- [EXERCISE MATERIAL]
★ ★ ★ ★ ★

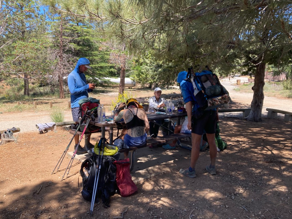 There’s a beautiful water cache here. I fill up and chug a liter, then have a huge lunch because I have more food than I need in my food bag. I’m so happy being here with Andy and Beetle again! We stay for about an hour chatting to some other hikers, then we pack up to continue our hike. It’s only eight miles to Acton, where there is a campground, cold drinks, and supposedly a pool. We’re keen to get there because it is getting ungodly hot.
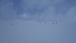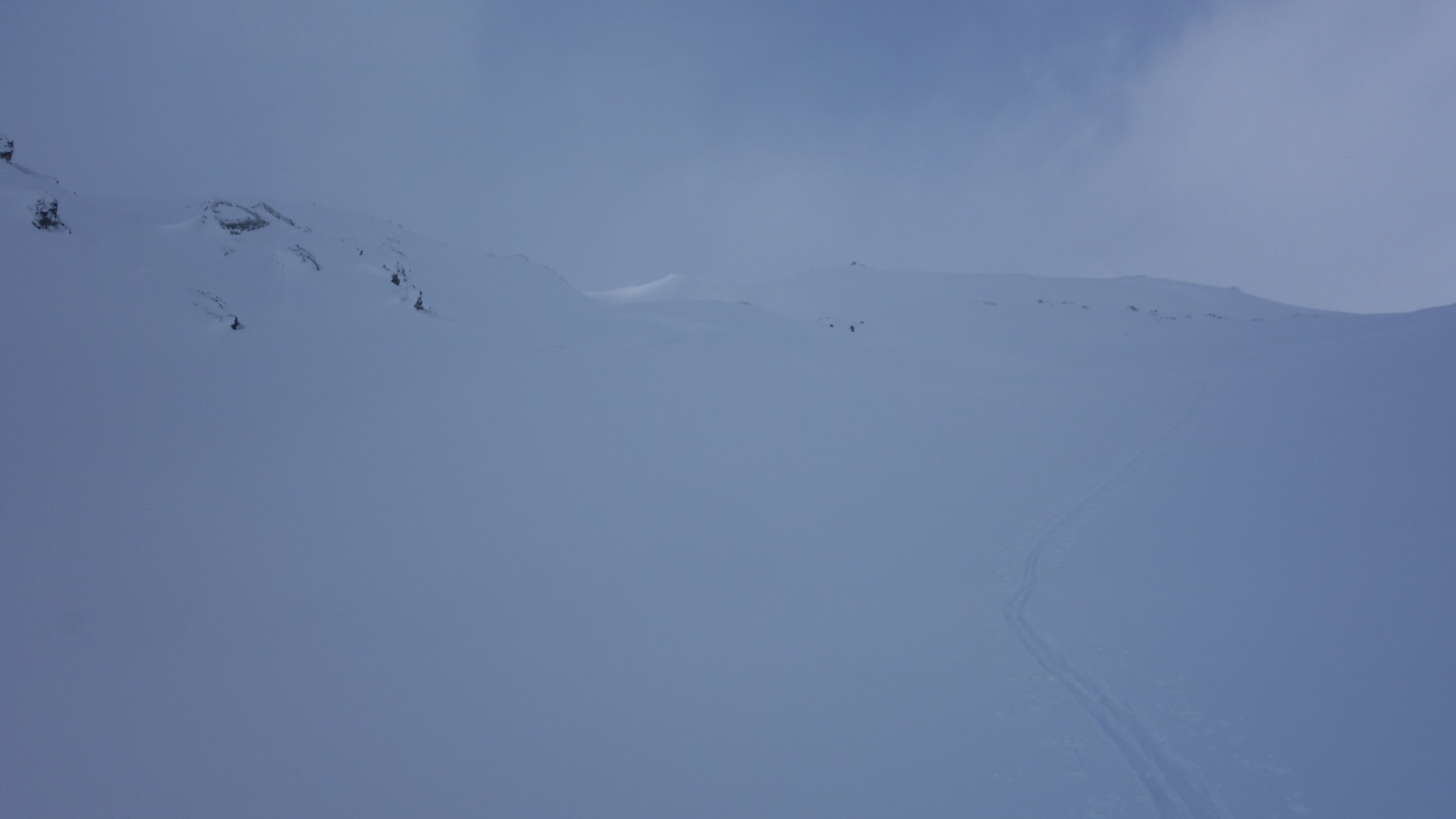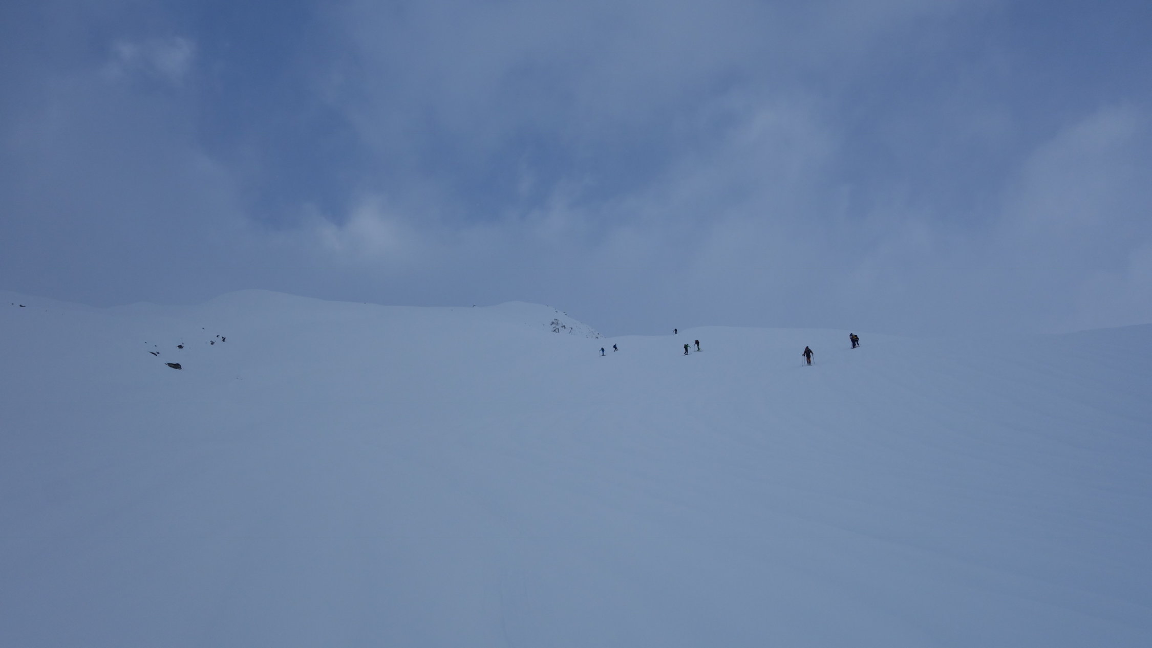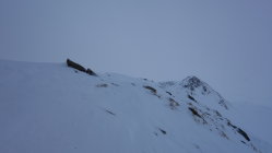 Wetter wie erwartet eher schlecht; sehr windig und wenig Sicht. Fast bis auf den Gipfel hat es Wasserrillen; oben war es fast wie eine Piste, unten ist man durch gefallen.
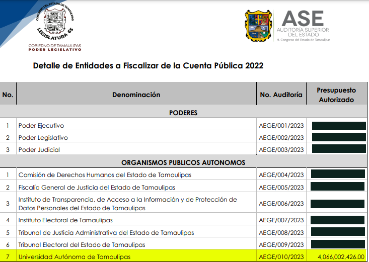 Por otra parte, de acuerdo con la investigación desarrollada por Noticias PC, la auditoría a la que está siendo sujeta de fiscalización la Universidad Autónoma de Tamaulipas corresponde en parte a los trabajos del “Programa Anual de Auditoría 2023”, que contempló la ASE para 160 entidades, 68 correspondientes a la Auditoría Especial para Gobierno del Estado, 92 entidades bajo revisión de la Auditoría Especial para Ayuntamientos, así como llevaremos a cabo 30 auditorías de desempeño sobre programas y acciones de las entidades sujetas de fiscalización.
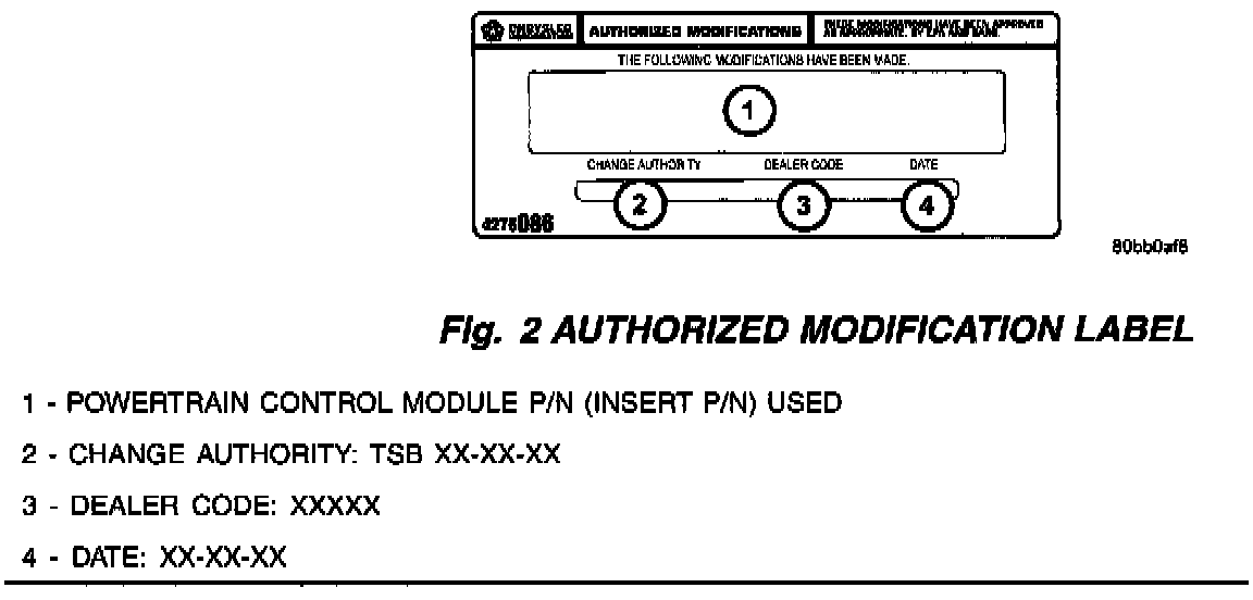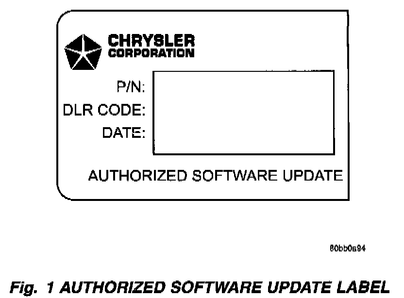 7. Type the necessary information on the "authorized Software Update Label" p/n 04669020 (Fig. 1). Attach the label to the PCM and cover the label with the clear plastic overlay.
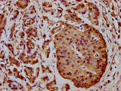 IHC image of CSB-PA735984LA01HU diluted at 1:400 and staining in paraffin-embedded human pancreatic cancer performed on a Leica BondTM system. After dewaxing and hydration, antigen retrieval was mediated by high pressure in a citrate buffer (pH 6.0). Section was blocked with 10% normal goat serum 30min at RT. Then primary antibody (1% BSA) was incubated at 4°C overnight. The primary is detected by a biotinylated secondary antibody and visualized using an HRP conjugated SP system.
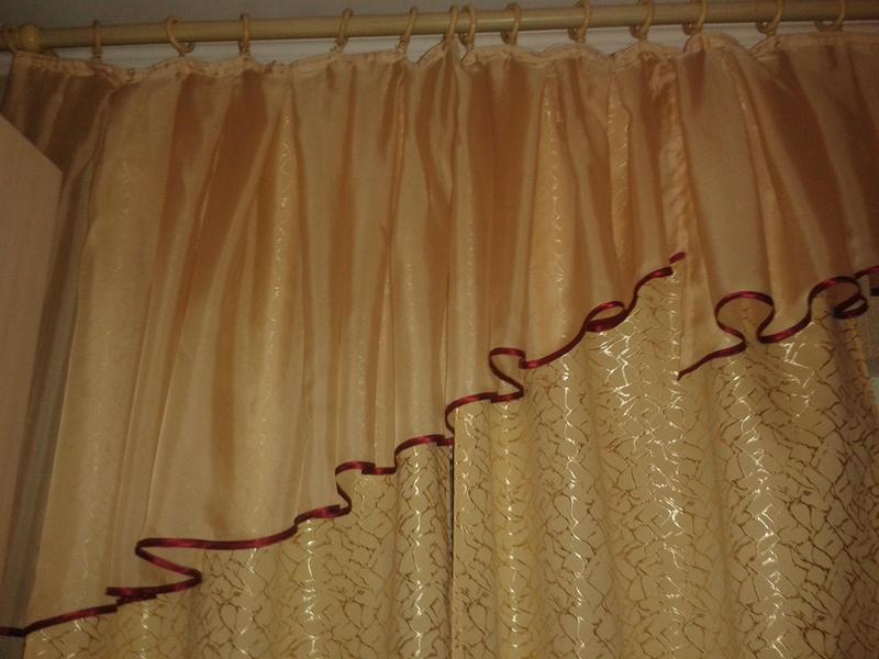 Продам комплект: Желтую штору (2 шт.), состояние хорошее. Высота 2,43м, ширина 0,72 (в растянутом положении, без складок). Ширина со складками 0,52м. ткань не мнется. Ламбрекен: Высота 1,4м. |
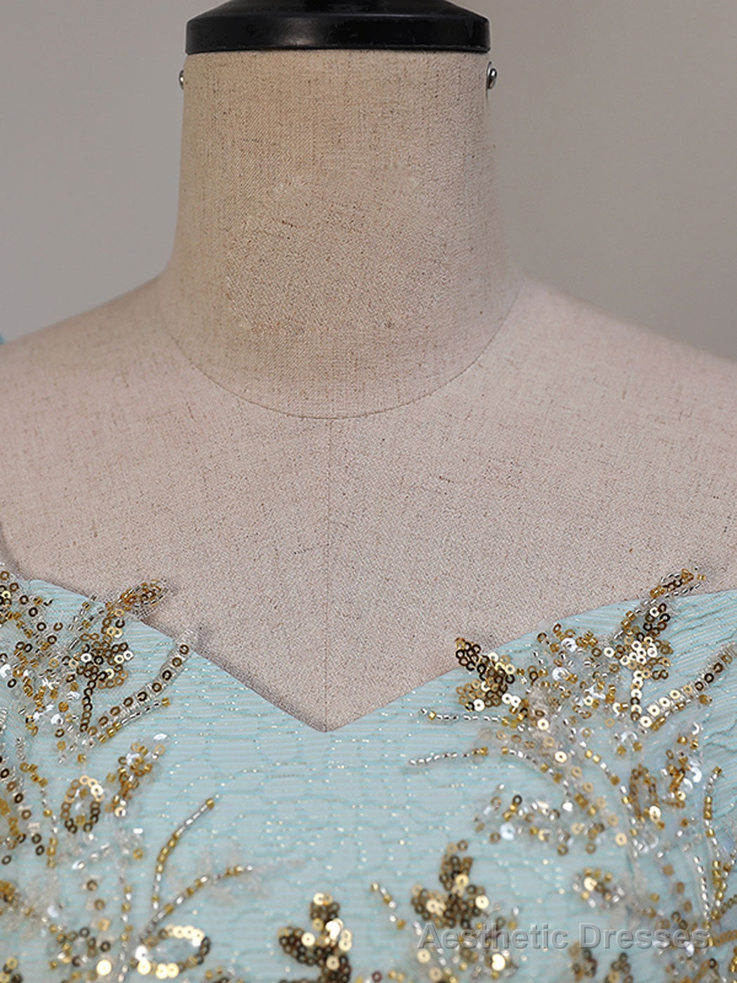 Unique A-LIne Satin Lace Long Prom Dresses, Blue Satin Sweet 16 Dresses
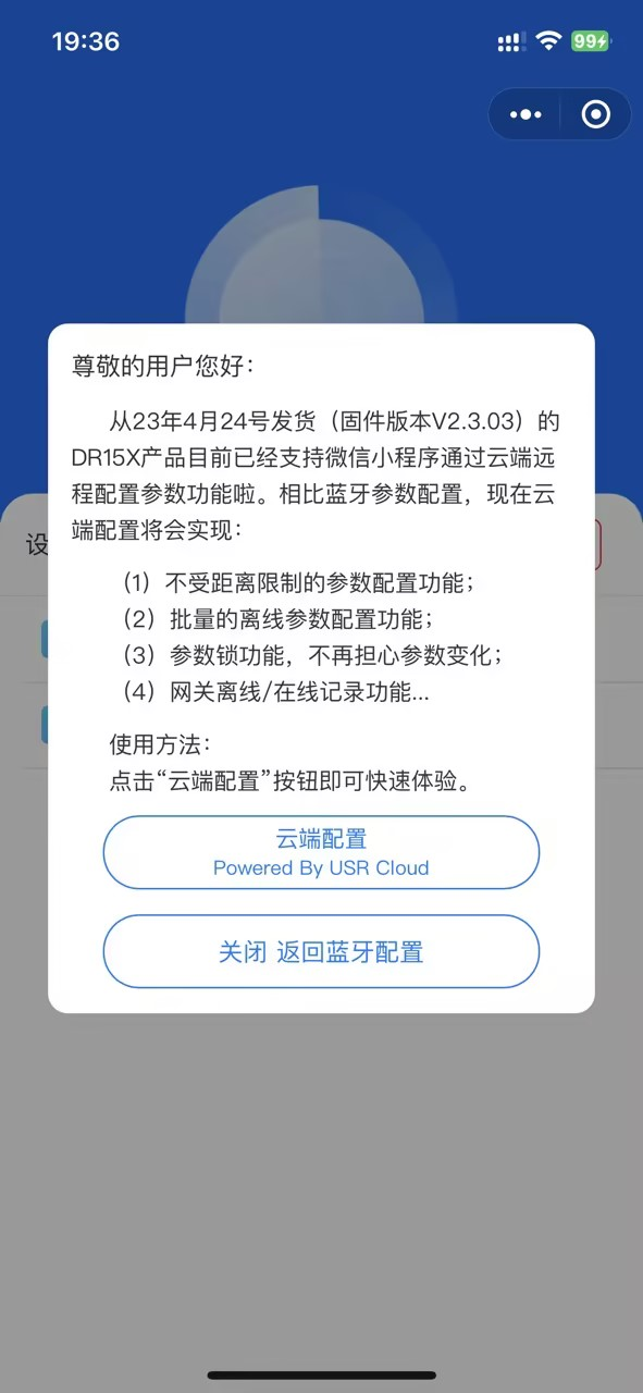 DTU 外殼正面貼有設(shè)備專屬二維碼,手機微信掃描該二維碼即可跳轉(zhuǎn)有人云手機端微信小程序登錄添加網(wǎng)關(guān)設(shè)備。有人云手機端微 信小程序介紹可以參考說明:http://cloud.usr.cn/document/334.htm
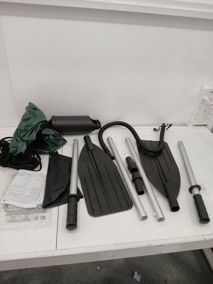 Intex Seahawk 4-Person Inflatable Fishing & Recreational Boat Set with Aluminum Oars, High-Output Air Pump, I-Beam Floor, Motor Mount, Repair Patch Kit and Durable Puncture-Resistant PVC - Green (Model 68351EP)
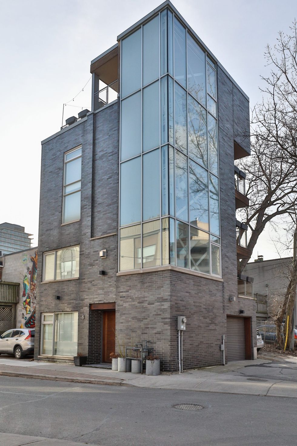 Located at 8 Trefann Street in Corktown, the 3-storey home features reclaimed marble from First Canadian Place, old-growth timber from Georgia Bay, and a solid steel frame, which can be seen through the tall glass atrium that spans most of the north wall of the tower, flooding the home with natural light.
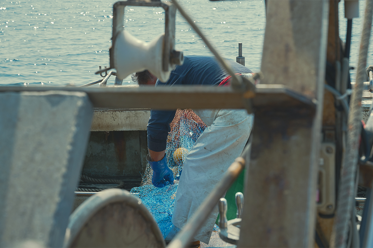 漁師・森さんの船に乗り込み、坊勢島や男鹿島、西島といった家島諸島を横目に眺めながら、約40分かけて沖合へ。海に網を沈めて20分~45分ほど(季節により時間は変動)船で引っ張ると、漁師さんの合図でいよいよ引き揚げの瞬間。ずっしりとした重みに胸が高鳴る。「さて、今日はどんな魚が獲れたのだろう?」。
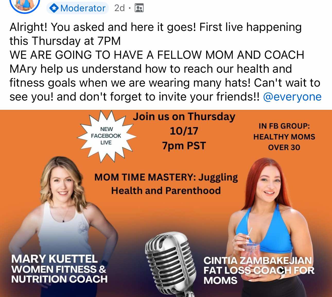 Join this judgment-free zone for FREE! Led by Cynthia, a health and nutrition coach with more than 8 years of experience specializing in and helping women and moms lose body fat and get "toned" without restrictive dieting! you’ll get the support you need and answers to your biggest nutrition and fitness questions in this fun and inspiring group!
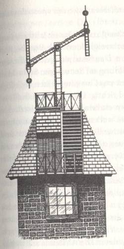 Semaphor Signalturm bei Bosch Zerstörung eines Turms bei Bosch und gleichzeitiger Neubau durch einen Bauarbeiter in geistlicher Tracht. Das T in seiner technischen Anwendung fehlt nicht, auch die Signalmasten in typischer Schrägstellung sind vorhanden und haben sich bis in unserer Zeit erhalten (Fahnenmasten mit kugelähnlichem Abschluß).
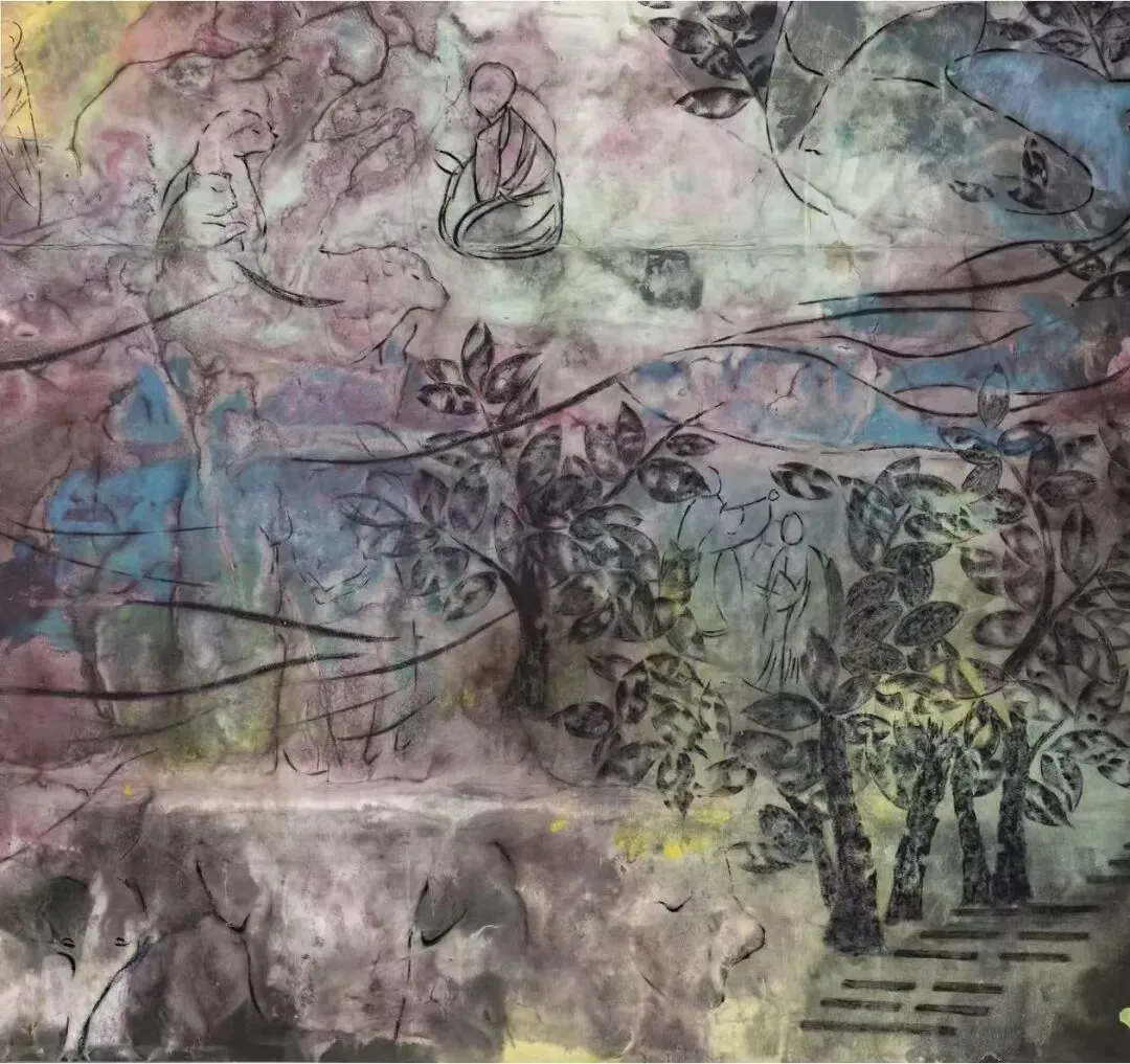 张健是一个很有宗教情怀的艺术家。首先她并不是执着于“信”,而是精神情怀。张健是通过她的一个又一个关于宗教主题创作来求解和回应这个终极问题的,就像现代派大师高更一样,他以艺术主题“我们从何处来”“我们是谁”“我们往何处去”来探索这个人类的终极问题。
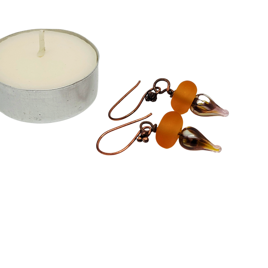 The Oni Earrings celebrate artisan craftsmanship with their stunning handmade lampwork glass beads and copper details. Designed for the modern professional woman who values distinctive, handcrafted jewelry, these earrings deliver sophisticated style with individual flair. Their versatile design makes them an essential addition to your curated collection, offering the perfect finishing touch to any ensemble.
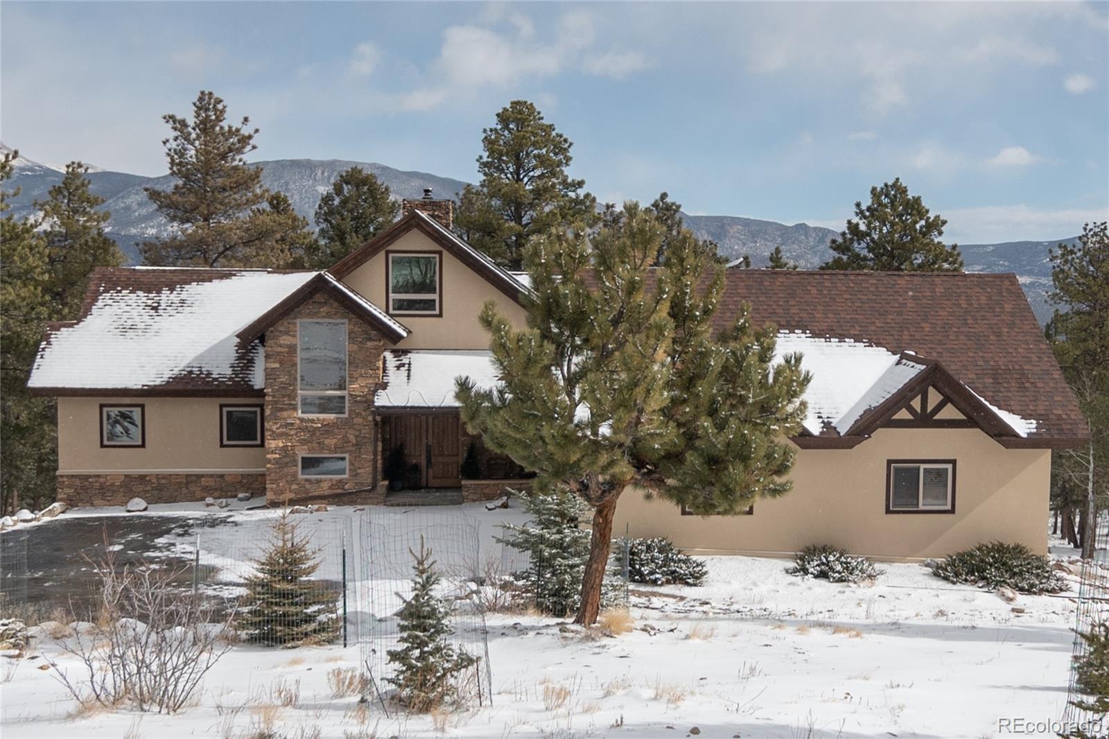 A True Colorado Mountain Home! Built by LaPaloma Builders with full ICF construction, this home offers exceptional energy efficiency and year round comfort. Cozy up on winter evenings to the aroma and warmth of the wood-burning fireplace, featuring an impressive 20 feet of stone rising to the vaulted ceiling, accented by beautiful wood beams. The kitchen is designed for both everyday living and entertaining, with double ovens, abundant cabinetry, and generous counter space. The open concept main living area seamlessly connects the kitchen, dining, and living spaces, perfect for gathering with family and friends. Step outside and enjoy summer dining with ample space for a table, seating, and lingering evenings under the mountain sky. Start your mornings with a soak in the hot tub as the sun rises over the valley, coffee in hand, this is Colorado mountain living at its finest. The spacious primary suite includes an ensuite bath and a built-in closet/dresser combination. Upstairs, the loft offers flexible space ideal for a reading nook, home office, or kids’ media room. The lower level features a second family room with a large wet bar, two additional bedrooms, a full bath, and a mechanical room with excellent storage. Additional highlights include solar panels, a brand-new septic system installed in 2025, a heated attached garage, and a fully asphalted driveway. Enjoy privacy, sweeping valley views, high-speed Visionary internet, and a well managed community with maintained roads, enforced covenants, and quick access to the National Forest. Located just minutes from downtown Buena Vista, this is a truly desirable place to call home. Schedule your private showing today.

★ ★ ★ ★ ★

- [ACTION ITEM]
Up in the listing, locate the line with "7. Type the"; print it and every line after it down to the line with "IHC image of", which is included too. Skip the pictures.

- [RESPONSE TO THIS TASK]
 7. Type the necessary information on the "authorized Software Update Label" p/n 04669020 (Fig. 1). Attach the label to the PCM and cover the label with the clear plastic overlay.
 IHC image of CSB-PA735984LA01HU diluted at 1:400 and staining in paraffin-embedded human pancreatic cancer performed on a Leica BondTM system. After dewaxing and hydration, antigen retrieval was mediated by high pressure in a citrate buffer (pH 6.0). Section was blocked with 10% normal goat serum 30min at RT. Then primary antibody (1% BSA) was incubated at 4°C overnight. The primary is detected by a biotinylated secondary antibody and visualized using an HRP conjugated SP system.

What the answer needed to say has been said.